You are viewing a plain text version of this content. The canonical link for it is here.
Posted to dev@mahout.apache.org by "Sean Owen (JIRA)" <ji...@apache.org> on 2010/09/25 09:57:33 UTC

[jira] Reopened: (MAHOUT-504) Kmeans clustering error

     [ https://issues.apache.org/jira/browse/MAHOUT-504?page=com.atlassian.jira.plugin.system.issuetabpanels:all-tabpanel ]

Sean Owen reopened MAHOUT-504:
------------------------------


> Kmeans clustering error
> -----------------------
>
>                 Key: MAHOUT-504
>                 URL: https://issues.apache.org/jira/browse/MAHOUT-504
>             Project: Mahout
>          Issue Type: Bug
>            Reporter: Zhen Guo
>            Assignee: Robin Anil
>             Fix For: 0.4
>
>
> I tried the Kmeans algorithm on the Synthetic Control data.
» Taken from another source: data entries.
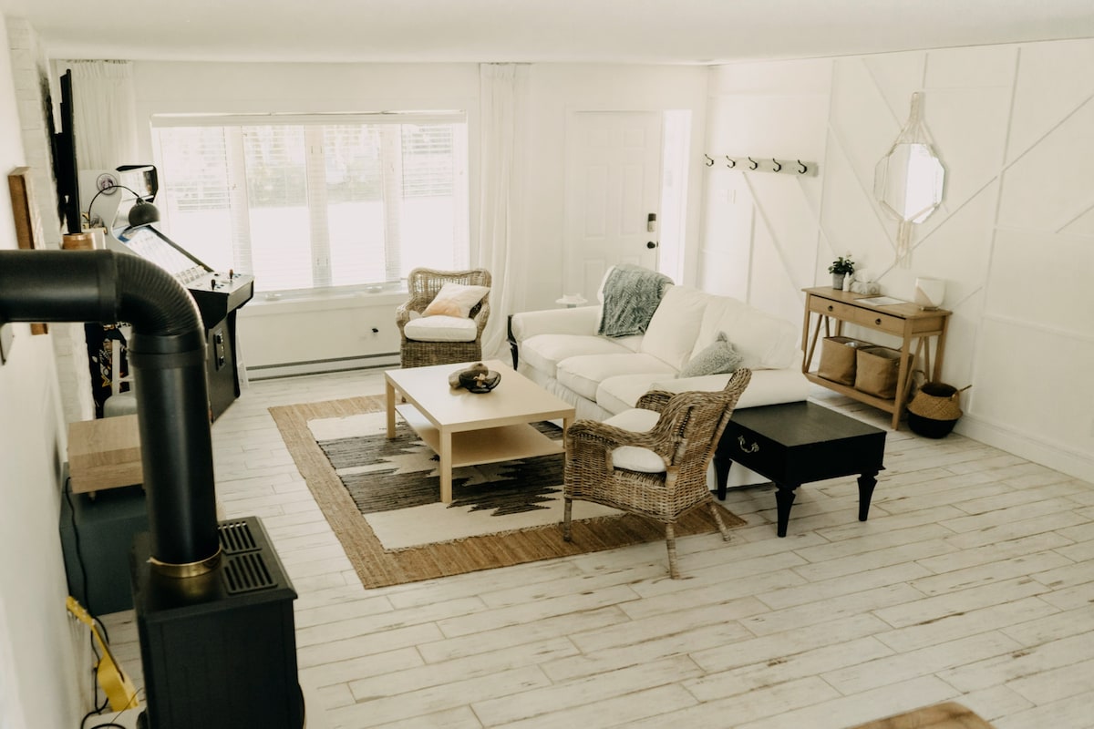 Come visit the beautiful historic town of Bayfield and stay in our very chic family friendly cottage by the lake, affectionally known as the Sugar Shack. Just a one-min walk to the beach and a short stroll or bike ride to the village square where you can enjoy local shops and restaurants. Cozy up and enjoy family time with some arcade games & vinyl, BBQ on the patio, relax in the plug and play hot tub, watch the kids play on the playset or light the campfire and enjoy the starry nights.
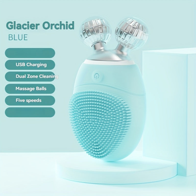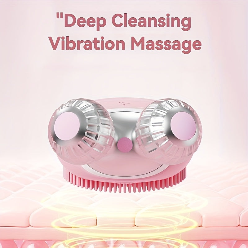 Electric Silicone Facial Cleansing Device Dual Roller 5-Speed Vibration Rechargeable
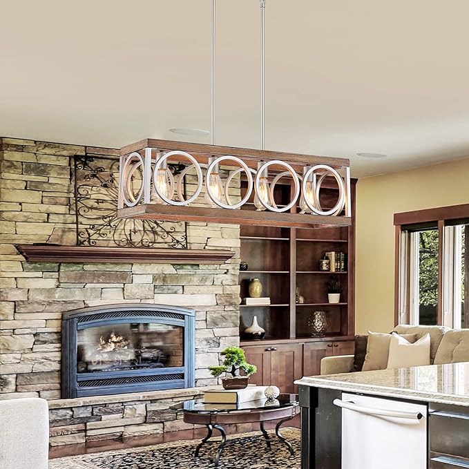 - VINTAGE FARMHOUSE CHANDELIER: The open-cage farmhouse dining room light fixture features a rectangle frame in distressed wood grain finish metal with barn-inspired cricular design stretching across each side, recalling reminiscent of classic, costal and vintage aesthetics. Please note that because the product is painted by hand, Each chandelier is unique in appearance and the uniformity of appearance cannot be strictly consistent.
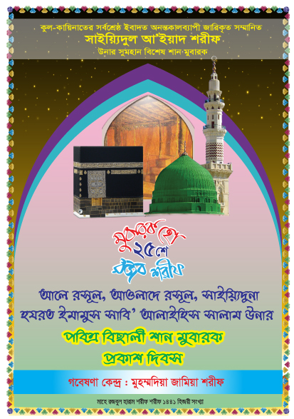 রহমাতুল্লিল ‘আলামীন, ছাহিবু সাইয়্যিদি সাইয়্যিদিল আ’ইয়াদ শরীফ, ইমামুল আইম্মাহ্, মুজাদ্দিদুয যামান, কুতুবুল আলম, মুহইউস সুন্নাহ, মাহিউল বিদয়াহ, গাউছুল আ’যম, আযীযুয যামান, ক্বইউমুজ জামান, আল জাব্বারিউল আউওয়াল, আল ক্বউইউল আউওয়াল, আস সাফফাহ, হাবীবুল্লাহ, আহলু বাইতি রসূলিল্লাহ ছল্লাল্লাহু আলাইহি ওয়া সাল্লাম, মাওলানা মামদূহ মুর্শিদ ক্বিবলা সাইয়্যিদুনা হযরত সুলত্বানুন নাছীর আলাইহিস সালাম তিনি বলেন, পবিত্র কুরআন শরীফ উনার ‘পবিত্র সূরা দুখান শরীফ’ উনার মধ্যে পবিত্র শবে বরাত অর্থাৎ লাইলাতুল বরাত শরীফ উনাকে ‘লাইলাতুম মুবারাকাহ’ বা বাকি অংশ পড়ুন...
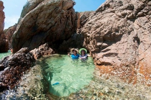 Một hồ nước tự nhiên được tạo thành bởi những vách đá và sóng biển. Ảnh: Nhi Nguyễn.
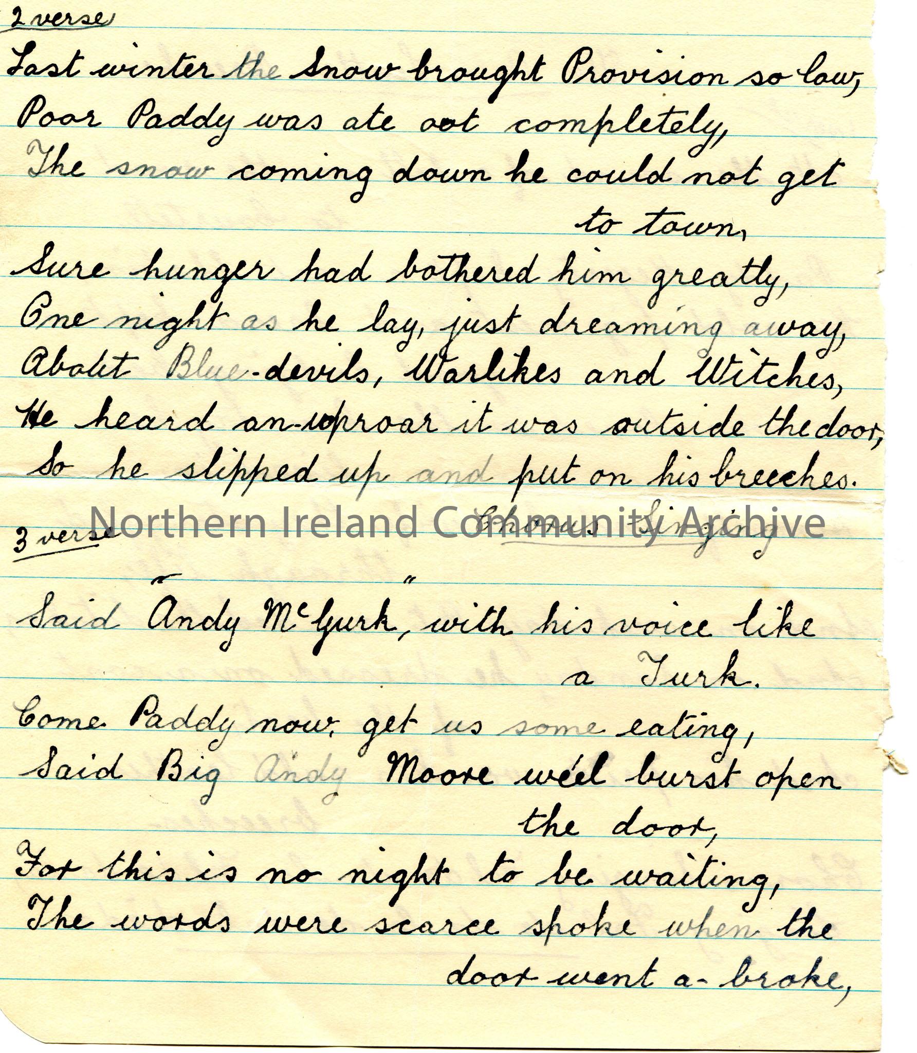 Page 1 of 2, double sided, of handwritten humorous song. Six verses. Titled, ‘The Auld Leather Breeches’. From James Bond, Termaquin, Limavady. Dated … – scan050b
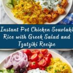 Instant Pot Chicken Souvlaki Rice with Greek Salad and Tzatziki Recipe

The following error appears. I tried the Canopy algorithm, it is fine. This error is from Mapper. I am using Trunk.
> 10/09/20 19:40:06 INFO mapred.JobClient: Task Id : attempt_201008261432_1324_m_000000_0, Status : FAILED
> java.lang.IllegalStateException: Cluster is empty!
> 	at org.apache.mahout.clustering.kmeans.KMeansClusterMapper.setup(KMeansClusterMapper.java:57)
> 	at org.apache.hadoop.mapreduce.Mapper.run(Mapper.java:142)
> 	at org.apache.hadoop.mapred.MapTask.runNewMapper(MapTask.java:583)
> 	at org.apache.hadoop.mapred.MapTask.run(MapTask.java:305)
> 	at org.apache.hadoop.mapred.Child.main(Child.java:170)

-- 
This message is automatically generated by JIRA.
-
You can reply to this email to add a comment to the issue online.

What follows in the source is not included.